1. A new classification of multi-objective optimization methods is proposed, distinguishing the pruning method from a priori, a posteriori, and interactive methods.
2. The pruning method is defined as an alternative approach that produces a focused subset of Pareto optimal solutions that are easily comprehensible to the decision maker.
3. A comparative analysis of the pruning method and other MOO approaches allows for insights into current trends in the field and recommendations on potential research directions.
The article provides a comprehensive review of Pareto pruning methods for multi-objective optimization, offering a novel classification scheme for MOO methods according to the resolution process, role of the DM, and characteristics of the final output. The authors provide precise definitions of related terms and discuss different pruning methods in four subclasses: preference-based, diversity-based, efficiency-based, and problem specific methods. Furthermore, indicators employed to assess the performance of the pruning method in previous literature are compiled and discussed.

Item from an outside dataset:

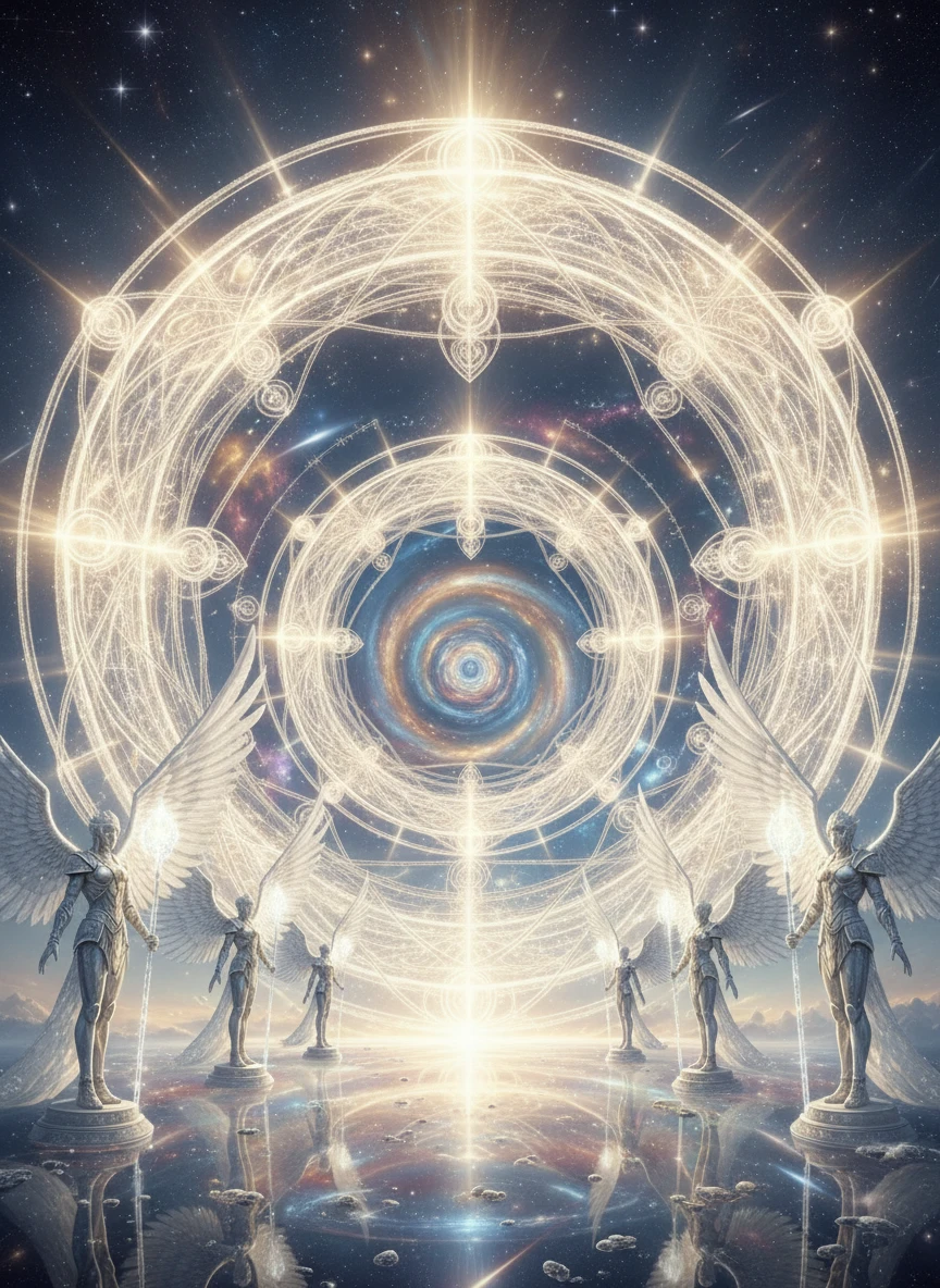 A radiant gateway floats in the heavens, forged from light, constellations, and divine geometry. Created for a fantasy-art generator, the scene conveys awe, purity, and cosmic grandeur. Winged guardians stand watch as galaxies spiral beyond the arch. celestial fantasy, luminous, grand scale — NEG: dark noise, muddy colors, low detail, asymmetry errors, blur, logo, watermark
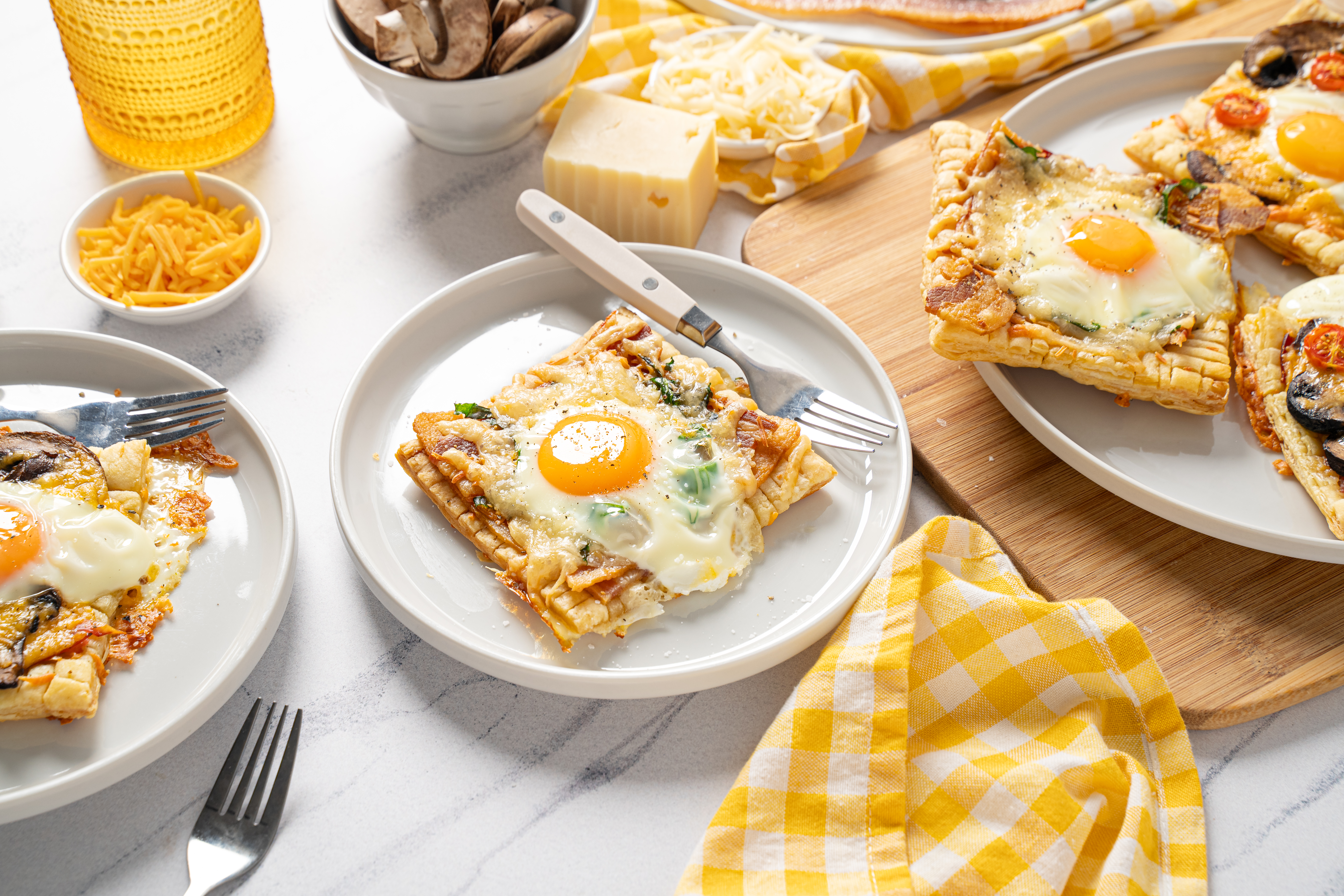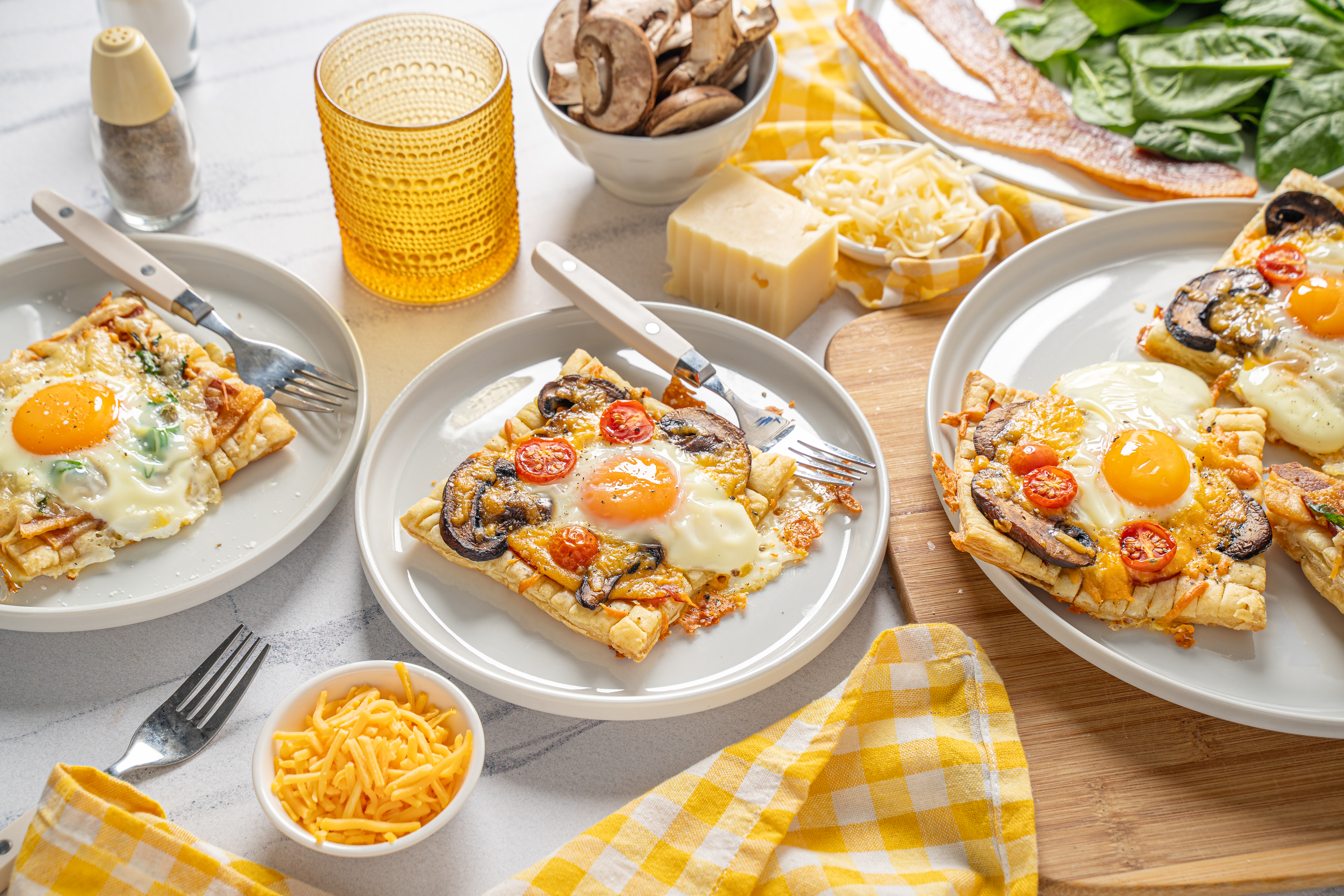 Remember how excited you used to get on Christmas Eve? You could hardly sleep because you just couldn't wait to see what Santa was going to leave under your tree. Well, now that you're older, there's a new reason for your sleepless anticipation and it's all because of these Christmas Morning Breakfast Pies! You'll run right past the gifts for a bite of the delightfully flaky pastries topped with crispy bacon, melty cheese, fresh spinach, tangy mushrooms, hearty ham, juicy tomatoes, and runny eggs. It's the gift that keeps on giving! Everyone, no matter their age, will get excited about Christmas Morning Breakfast Pies! Unwrap some tasty holiday goodness with your fork!

The article is generally reliable and trustworthy due to its comprehensive coverage of existing literature on Pareto pruning methods for multi-objective optimization. It presents both sides equally by providing an overview of MCDA methods for a priori decision-making as well as discussing evolutionary algorithms to address MOO problems in the a posteriori mode. Additionally, it offers insights into current trends in the field and potential research directions based on comparative analyses across different MOO classes.
However, there are some points that could be improved upon in order to make this article more reliable and trustworthy. For instance, while it provides an overview of MCDA methods for a priori decision-making, it does not provide any examples or case studies illustrating how these methods can be applied in practice. Additionally, while it discusses evolutionary algorithms to address MOO problems in the a posteriori mode, it does not provide any details on how these algorithms work or how they can be used effectively in practice. Finally, while it offers insights into current trends in the field and potential research directions based on comparative analyses across different MOO classes, it does not provide any evidence or data to support its claims about these trends or directions.